In May 1507 Robert Forde, husbandman of Brightwell manor in Berkshire, attacked chaplain John Scolfyld, stabbing him with a dagger. Scolfyld immediately died, and Forde ran to the priory at Wallingford. Wallingford priory was a small Benedictine house; it’s not clear how many monks it had, but it was amongst the smaller religious houses Cardinal Wolsey dissolved in the mid-1520s – so not big. And maybe not equipped or willing to take sanctuary seekers.
That may be why a couple of days later, William Hemyngford, a monk at the priory, along with a number of “yeomen” of Wallingford and several husbandmen of Brightwell (including Richard Forde, presumably a relative) decided to move Rob Forde to another sanctuary.
The monk and half a dozen laymen stealthily took him from the priory to a boat waiting on the Thames, and conveyed him to a safer sanctuary upstream: the “privileged” and “holy place” (as the coroner’s inquest jurors put it) of Culham, a manor belonging to Abingdon Abbey.

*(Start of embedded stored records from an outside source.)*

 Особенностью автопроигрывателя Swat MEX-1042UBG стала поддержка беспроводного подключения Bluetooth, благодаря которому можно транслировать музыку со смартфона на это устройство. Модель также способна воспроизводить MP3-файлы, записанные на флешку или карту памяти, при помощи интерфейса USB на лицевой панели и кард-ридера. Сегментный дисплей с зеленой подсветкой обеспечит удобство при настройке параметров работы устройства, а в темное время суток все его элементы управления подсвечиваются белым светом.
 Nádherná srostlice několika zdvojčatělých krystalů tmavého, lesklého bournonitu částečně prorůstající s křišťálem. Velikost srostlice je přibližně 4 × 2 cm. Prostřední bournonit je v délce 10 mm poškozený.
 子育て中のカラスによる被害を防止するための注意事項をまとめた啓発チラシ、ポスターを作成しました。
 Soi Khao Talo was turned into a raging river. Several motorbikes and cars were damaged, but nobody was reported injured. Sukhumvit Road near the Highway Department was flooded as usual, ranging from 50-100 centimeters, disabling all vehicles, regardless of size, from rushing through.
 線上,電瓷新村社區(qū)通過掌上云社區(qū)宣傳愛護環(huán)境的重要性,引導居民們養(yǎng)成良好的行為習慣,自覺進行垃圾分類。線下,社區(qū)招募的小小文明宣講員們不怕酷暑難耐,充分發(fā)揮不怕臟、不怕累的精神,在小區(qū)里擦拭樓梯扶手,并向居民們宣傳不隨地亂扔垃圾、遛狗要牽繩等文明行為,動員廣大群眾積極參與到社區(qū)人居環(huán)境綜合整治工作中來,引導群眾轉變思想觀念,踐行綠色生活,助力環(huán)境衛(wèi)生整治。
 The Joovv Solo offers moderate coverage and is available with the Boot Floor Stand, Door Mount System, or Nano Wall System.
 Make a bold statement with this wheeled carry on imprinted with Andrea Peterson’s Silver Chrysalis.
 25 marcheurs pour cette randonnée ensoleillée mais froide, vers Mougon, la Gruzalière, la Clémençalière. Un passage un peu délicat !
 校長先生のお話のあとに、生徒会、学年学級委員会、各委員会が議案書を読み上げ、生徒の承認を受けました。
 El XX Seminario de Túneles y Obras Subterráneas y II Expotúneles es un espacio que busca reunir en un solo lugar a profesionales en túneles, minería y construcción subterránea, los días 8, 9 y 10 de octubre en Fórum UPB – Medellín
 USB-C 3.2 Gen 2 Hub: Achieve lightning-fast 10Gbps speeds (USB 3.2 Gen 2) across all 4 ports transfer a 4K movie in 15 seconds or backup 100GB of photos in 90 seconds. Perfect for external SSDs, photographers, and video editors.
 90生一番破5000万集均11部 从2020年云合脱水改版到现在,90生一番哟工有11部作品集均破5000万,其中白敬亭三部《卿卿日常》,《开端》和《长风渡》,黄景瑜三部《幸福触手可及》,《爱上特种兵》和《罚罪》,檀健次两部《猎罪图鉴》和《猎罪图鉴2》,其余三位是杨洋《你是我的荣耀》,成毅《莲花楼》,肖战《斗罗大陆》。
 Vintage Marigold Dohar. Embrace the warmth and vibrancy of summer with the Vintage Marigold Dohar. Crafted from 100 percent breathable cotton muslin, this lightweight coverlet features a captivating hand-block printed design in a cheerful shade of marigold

Culham featured in Humphrey Stafford’s famous 1486 sanctuary case; a rebel against the then-new king Henry VII, Stafford had taken sanctuary at Culham for treason. The courts ruled that though Culham wasn’t an asylum for treason, it was for felony.
Who knows how long Forde stayed at Culham. The next time we see him, he was in court presenting a pardon in the summer of 1510, three years later.
If only Forde had waited a bit – five hundred years or so – there would have been a sanctuary in Brightwell itself. He does seem to have been a bit of an ass.